WORK INSTRUCTION: Transcribe exactly everything in the data below from the line containing "brick wall and" down to the line containing "Chills on Wheels", both lines included and nothing further.

PROVIDED RECORDS:
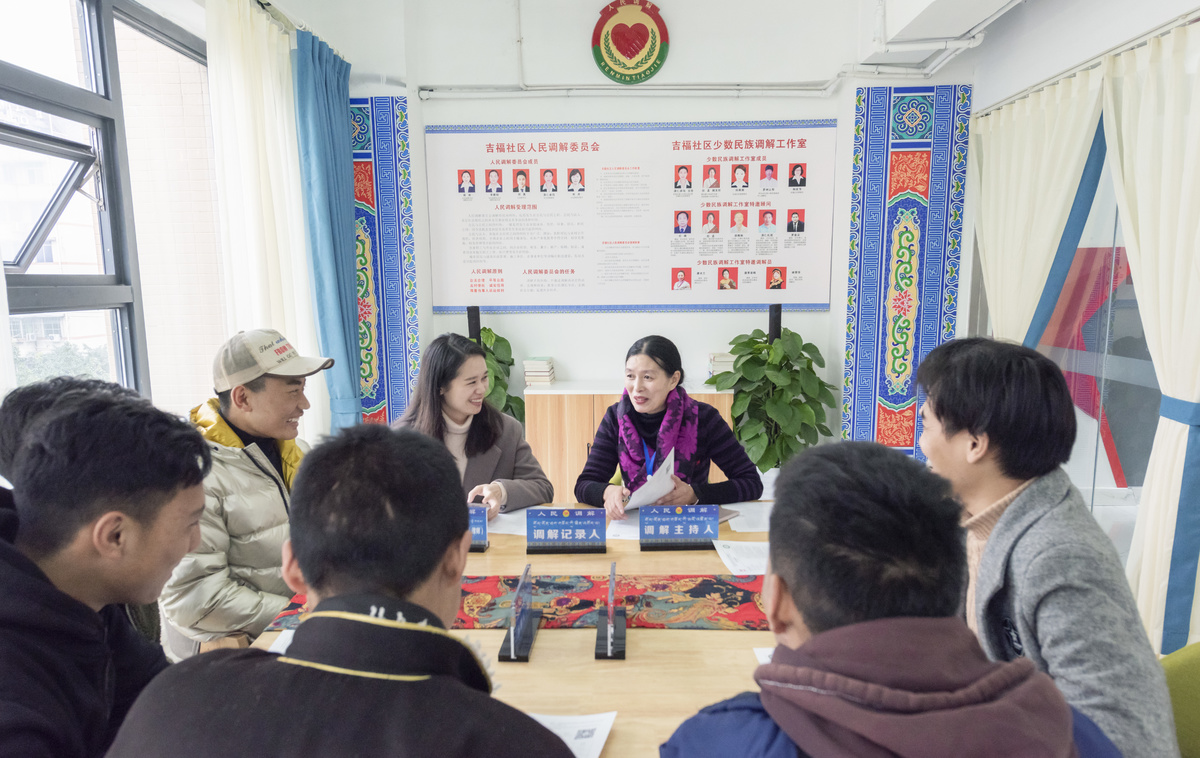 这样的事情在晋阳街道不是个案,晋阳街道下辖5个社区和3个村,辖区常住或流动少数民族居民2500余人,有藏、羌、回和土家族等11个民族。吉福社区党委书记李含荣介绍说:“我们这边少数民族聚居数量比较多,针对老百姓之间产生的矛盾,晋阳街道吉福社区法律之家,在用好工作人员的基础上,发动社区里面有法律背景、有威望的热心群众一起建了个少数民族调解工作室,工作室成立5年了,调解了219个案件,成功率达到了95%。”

--

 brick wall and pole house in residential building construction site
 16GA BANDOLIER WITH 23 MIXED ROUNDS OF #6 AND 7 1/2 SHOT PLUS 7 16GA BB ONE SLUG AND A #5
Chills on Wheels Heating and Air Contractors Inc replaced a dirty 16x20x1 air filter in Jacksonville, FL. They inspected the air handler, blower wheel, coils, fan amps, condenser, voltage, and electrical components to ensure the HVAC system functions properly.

EXERCISE SOLUTION:
 brick wall and pole house in residential building construction site
 16GA BANDOLIER WITH 23 MIXED ROUNDS OF #6 AND 7 1/2 SHOT PLUS 7 16GA BB ONE SLUG AND A #5
Chills on Wheels Heating and Air Contractors Inc replaced a dirty 16x20x1 air filter in Jacksonville, FL. They inspected the air handler, blower wheel, coils, fan amps, condenser, voltage, and electrical components to ensure the HVAC system functions properly.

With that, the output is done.